Modifying Alkyl and Aryl Substituents

• Adjusting alkyl groups can improve binding by interacting with hydrophobic sites and enhancing selectivity.

• Changes in aryl substituents may affect binding strength and interactions based on relative positioning of additional groups.

Functional Group Enhancements

• Extension: Adding functional groups can improve binding via exploring new sites.

• Chain Adjustments: Increasing/decreasing lengths can optimize interactions between binding groups.

• Ring Modifications: Transformations for better fit and interaction with binding regions, sometimes for intellectual property considerations.

Isosteres/Bioisosteres

• Isosterism: Replacement of a group with similar properties; useful for design alterations that control steric/electronic characteristics.

• Bioisosterism: Replacement with structurally similar groups maintaining biological functionality; serves to modulate properties of agents without altering therapeutic profiles significantly.

Simplification Process

• Rationale behind simplification:

  • Reduce complexity for easier synthesis.

  • Enhance activity and selectivity by removing unneeded functional groups while retaining the pharmacophore.

Rigidification

• Striving to solidify flexible lead compounds to enhance activity and selectivity while minimizing unwanted side effects from diverse conformations.
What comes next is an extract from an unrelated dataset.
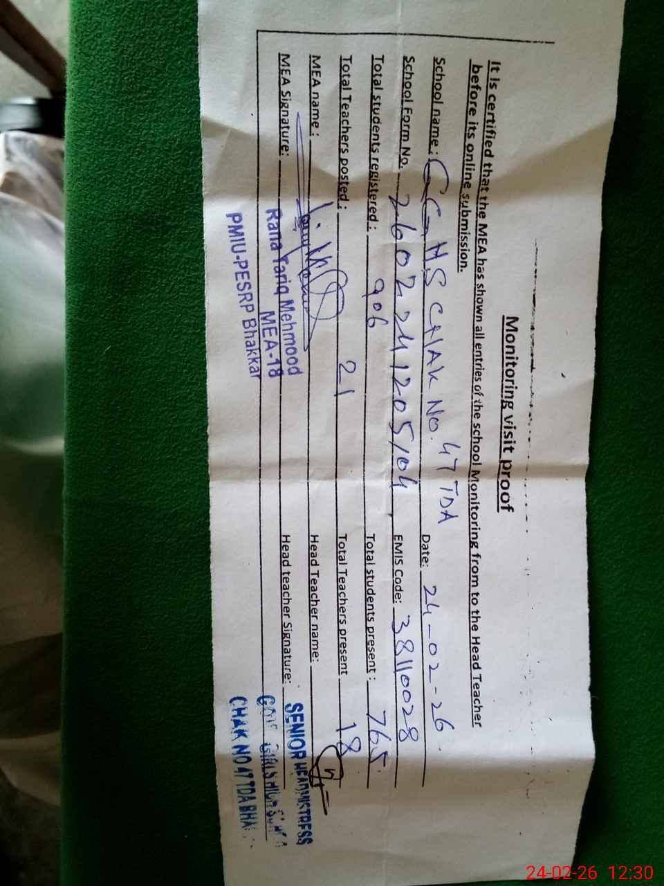 | Certified that this School was Inspected by the Undersigned MEA/DMO Today and the Information Stated Above is as Per Record. | |||||
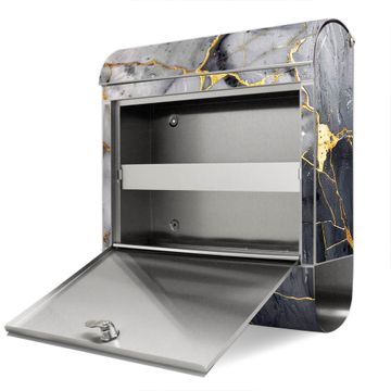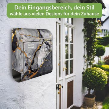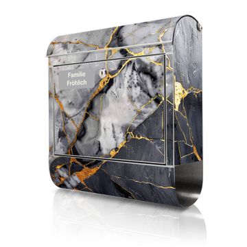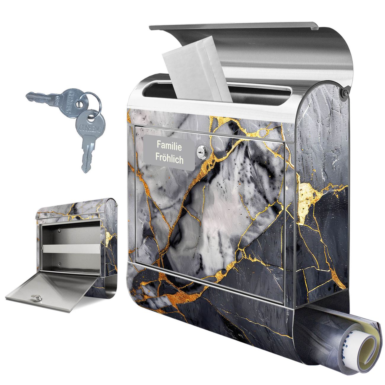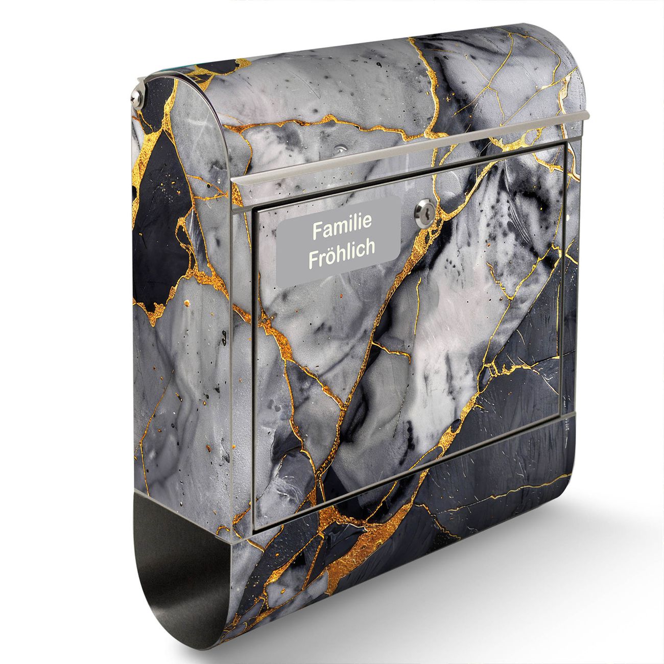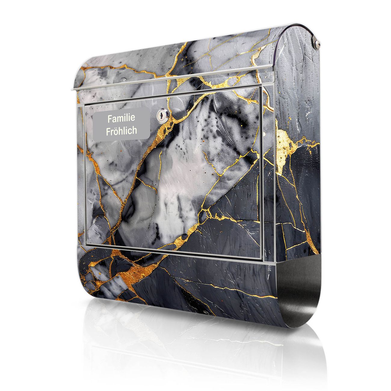 Wandbriefkasten Edelstahl Motiv Schwarzer Marmor mit Gold 2

Conclusion: Drug Discovery for Tuberculosis

• A combined approach integrating phenotypic and target-based strategies creates a comprehensive drug discovery pipeline addressing tuberculosis while employing SAR, SPR, high throughput screening (HTS) methodologies, and proof-of-concept (PoC) verifications.

References: Include relevant articles from ACS Central Science 2020, Trends in Pharmacological Sciences 2020, and Nature Chemistry.